Wednesday, September 24, 2008

Questions about Finance Bailout

A battle is raging in Washington over Henry Paulson’s $700bn plan to buy bad debts from banks. Popularised as ‘cash for trash’ The sum is no insignificant amount – it equates to $5,000 per person in America.

One key issue is that the US Treasury will attempt to buy these debts from banks at close to their "hold-to-maturity" value, not the market value.

What this means is that the banks will be able to sell these debts for upto twice the market value. It is hoped that this injection of cash will avoid further liquidity shortages in the market.
In return, the US treasury will have lots of mortgage debts, many of which will be defaulted on, so they will lose money.

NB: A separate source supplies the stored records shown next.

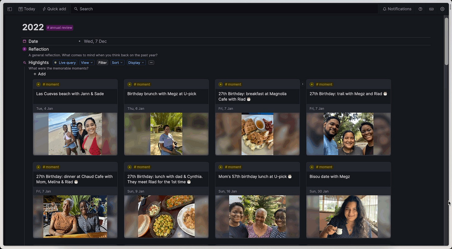 Welcome to another weekly reflection. I began this week thinking deeply about this year’s annual review. I knew that I wanted to discuss it for Workspace Wednesday and so I started off the week gathering memorable moments from 2022 by going through pictures on my phone and camera. The annual review is a useful tool that uses prompts and questions to help us reflect on the previous year.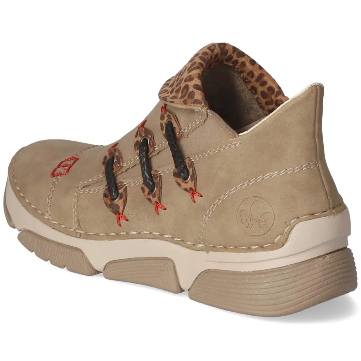 Diese beige Damen-Stiefeletten von Rieker vereinen modernes Design mit durchdachtem Komfort. Das robust wirkende Obermaterial aus Synthetik zeigt sich mit rustikalen Ziernähten, markanten Markendetails und prägnanten Einsätzen in Animalprint, eine rote Ziernaht setzt einen frischen Akzent. Der praktische Reißverschluss ermöglicht einen bequemen Einstieg, unterstützt vom Elastikeinsatz, während die runde Schuhspitze und die verstärkte Ferse ein angenehmes Tragegefühl sichern. Ein leichtes Futter wärmt an kühlen Tagen, die textile Decksohle und das gepolsterte Fußbett verwöhnen bei jedem Schritt. Dank flexibler Laufsohle bleibt der Gang geschmeidig und alltagstauglich, der Größenhinweis fällt normal aus. Modetipp: Zu Cropped-Jeans und Strickpullover in Naturtönen entsteht ein urbaner Look, den ein Wollmantel in Camel raffiniert abrundet.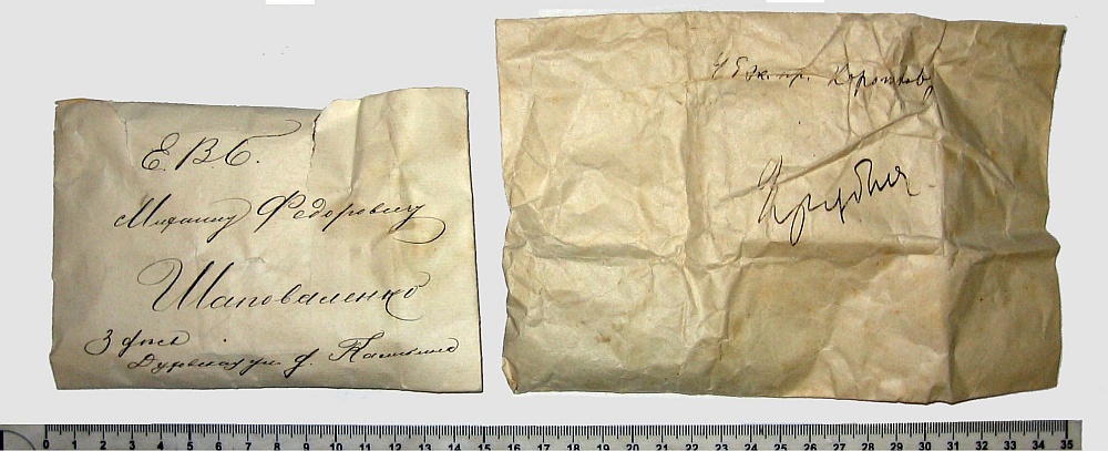 - Сложно сказать, имеют ли надписи отношение к боеприпасам. Скорее всего, это конверты вторичного использования. Что было под рукой, то и взяли для патронов, - считает Иосиф Клягин.

The US taxpayer, is rightly asking whether they are getting a good deal. In particular:
  1. Will it work? The bailout doesn't address the fundamental problem of mortgage defaults. It merely tries to deal with the problem by buying bad debt.
  2. As Paul Krugman was arguing here, why is the Government not getting a stake in the company’s it is bailing out?

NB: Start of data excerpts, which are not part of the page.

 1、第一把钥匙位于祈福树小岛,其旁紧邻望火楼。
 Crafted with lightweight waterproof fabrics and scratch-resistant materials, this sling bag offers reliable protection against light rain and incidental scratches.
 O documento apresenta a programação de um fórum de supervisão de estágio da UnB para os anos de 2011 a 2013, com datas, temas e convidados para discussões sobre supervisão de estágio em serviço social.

  3. How will the National Debt be affected by this programme of $700bn? - How much will the government be able to recoup if it spends $700bn on buying assets no one else wants?

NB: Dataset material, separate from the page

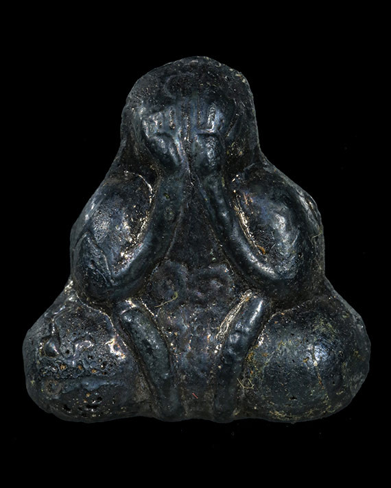 พระปิดตาเนื้อตะกั่วหลังยันต์ไม่ทราบที่ครับ |

  4. Is there not a problem of Moral Hazard? If the government keeps bailing out failing banks and reckless investors, will not the problem keep reappearing? The plan also appears to benefit the banks who took on most risk and were least reluctant to write down their losses. 'Good' banks who didn't take on bad debt, benefit little.
  5. Why are the manager’s of these failing banks still getting multi million dollar payouts? Even Lehman Brothers which went under, still managed to find $2.5bn dollars of ‘bonuses’ It does beg the question of how one can can possibly get a ‘bonus’ for going completely bankrupt.
  6. How much power will Henry Paulson have in spending this enormous sum? He seems to be taken on extraordinary power to 'stabilise financial markets' As it is says in the short but terse 3 page document. 'The Treasury secretary's decisions "May not be reviewed by any court of law or any administrative agency."
  7. Is there really no alternative as many on Wall Street seem to believe?
Of course, it is easier to criticise than it is to suggest a solution to the current financial crisis. But, nevertheless it is an extraordinary plan.